Work instruction
Write out all the data verbatim. Skip images.

Records from a data source:
┄┄┄┄┄┄

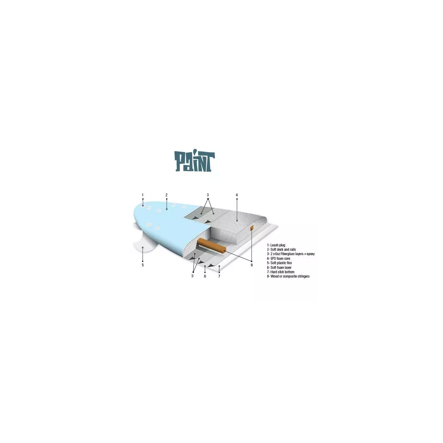 PAINT-TECNOLOGY: Combina un alma de EPS con dos stringer, una laminación epoxy/fibra de vidrio, un slick de PE en el bottom y una lamina de espuma en el deck. El resultado es una tabla Soft Board increíblemente robusta.
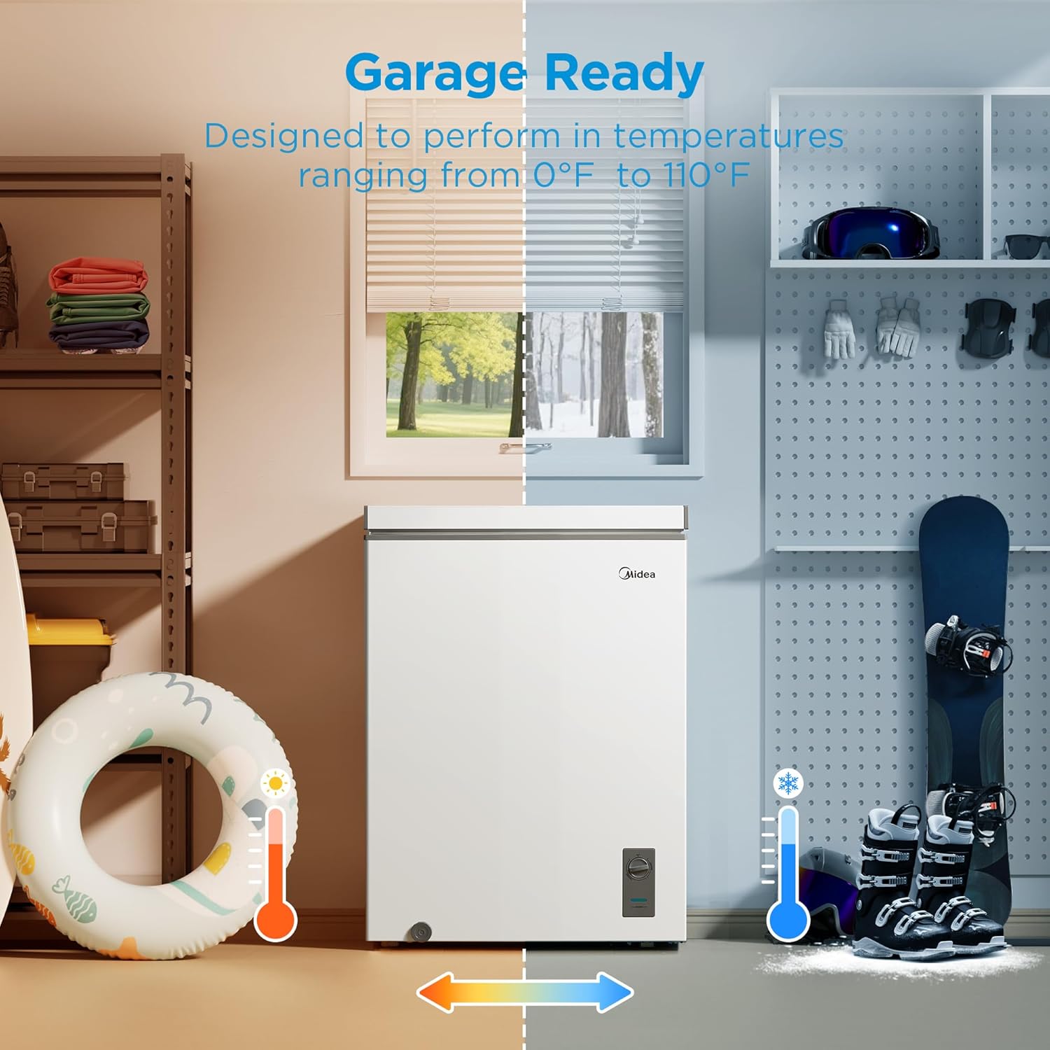 Garage Ready Designed and tested to operate efficiently in non-climate-controlled environments. (38F to 110F in fridge mode 0F to 110F in freezer mode)
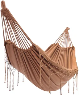 Dwuosobowy hamak ogrodowy z frędzlami w stylu boho BRĄZOWY
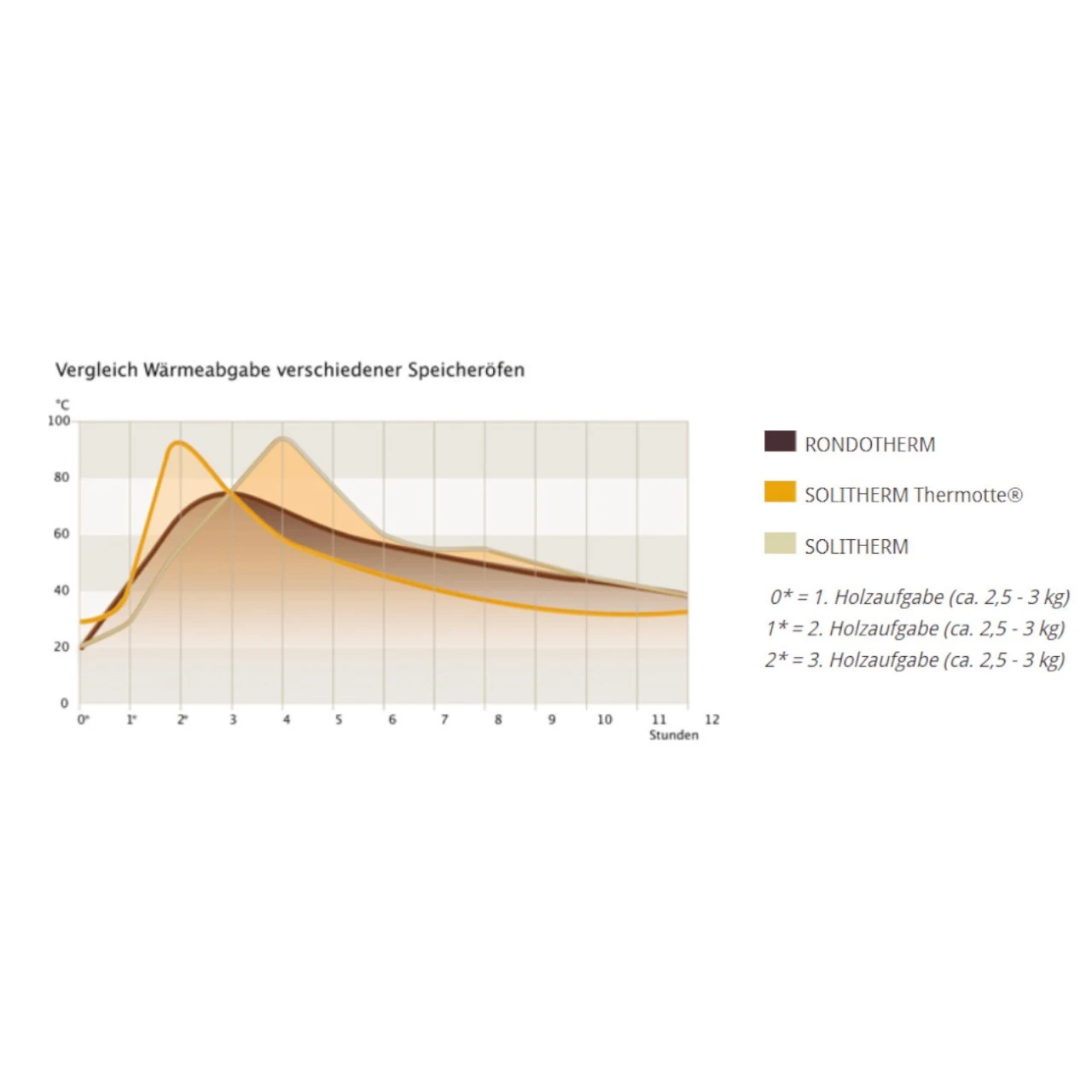- Wärmespeicherfähigkeit: Ja; Dank der Powerstones mit 80 kg Gewicht können Sie die Wärme bis zu 10 Stunden speichern, die nach dem erlischen des Feuers wieder abgegeben wird.
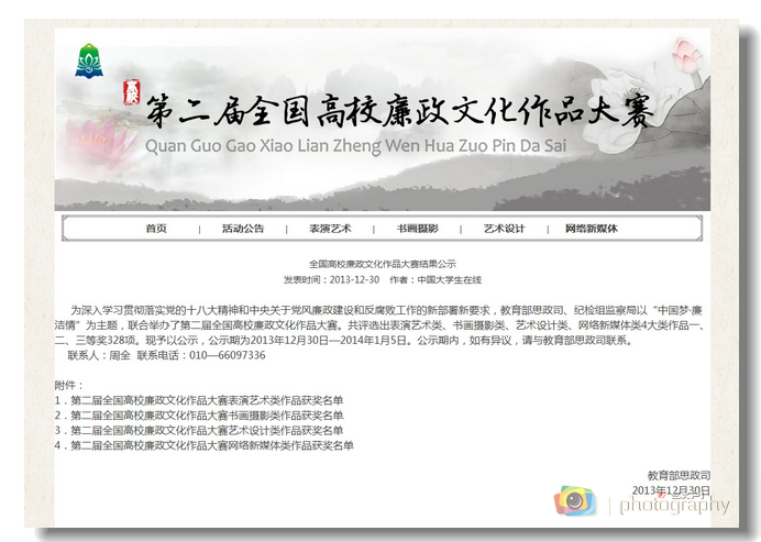 為深入學(xué)習(xí)貫徹落實(shí)黨的十八大精神和中央關(guān)于黨風(fēng)廉政建設(shè)和反腐敗工作的新部署新要求,教育部思政司、紀(jì)檢組監(jiān)察局以“中國夢·廉潔情”為主題,聯(lián)合舉辦了第二屆全國高校廉政文化作品大賽。共評(píng)選出表演藝術(shù)類、書畫攝影類、藝術(shù)設(shè)計(jì)類、網(wǎng)絡(luò)新媒體類4大類作品一、二、三等獎(jiǎng)328項(xiàng)。陜西工院認(rèn)真組織,積極參與,創(chuàng)作和遴選了6部優(yōu)秀作品參加角逐,共獲得國家級(jí)三等獎(jiǎng)2項(xiàng),省級(jí)二等獎(jiǎng)2項(xiàng)、三等獎(jiǎng)3項(xiàng)。
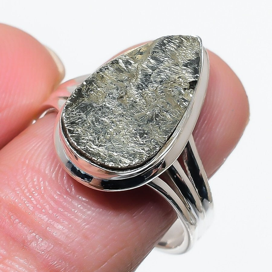 Elegant Pyrite Druzy Gemstone 925 Solid Silver Ethnic in 925
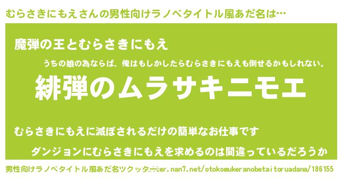 むらさきにもえさんの男性向けラノベタイトル風あだ名をツクッター!

┄┄┄┄┄┄

Exercise solution
 PAINT-TECNOLOGY: Combina un alma de EPS con dos stringer, una laminación epoxy/fibra de vidrio, un slick de PE en el bottom y una lamina de espuma en el deck. El resultado es una tabla Soft Board increíblemente robusta.
 Garage Ready Designed and tested to operate efficiently in non-climate-controlled environments. (38F to 110F in fridge mode 0F to 110F in freezer mode)
 Dwuosobowy hamak ogrodowy z frędzlami w stylu boho BRĄZOWY
- Wärmespeicherfähigkeit: Ja; Dank der Powerstones mit 80 kg Gewicht können Sie die Wärme bis zu 10 Stunden speichern, die nach dem erlischen des Feuers wieder abgegeben wird.
 為深入學(xué)習(xí)貫徹落實(shí)黨的十八大精神和中央關(guān)于黨風(fēng)廉政建設(shè)和反腐敗工作的新部署新要求,教育部思政司、紀(jì)檢組監(jiān)察局以“中國夢·廉潔情”為主題,聯(lián)合舉辦了第二屆全國高校廉政文化作品大賽。共評(píng)選出表演藝術(shù)類、書畫攝影類、藝術(shù)設(shè)計(jì)類、網(wǎng)絡(luò)新媒體類4大類作品一、二、三等獎(jiǎng)328項(xiàng)。陜西工院認(rèn)真組織,積極參與,創(chuàng)作和遴選了6部優(yōu)秀作品參加角逐,共獲得國家級(jí)三等獎(jiǎng)2項(xiàng),省級(jí)二等獎(jiǎng)2項(xiàng)、三等獎(jiǎng)3項(xiàng)。
 Elegant Pyrite Druzy Gemstone 925 Solid Silver Ethnic in 925
 むらさきにもえさんの男性向けラノベタイトル風あだ名をツクッター!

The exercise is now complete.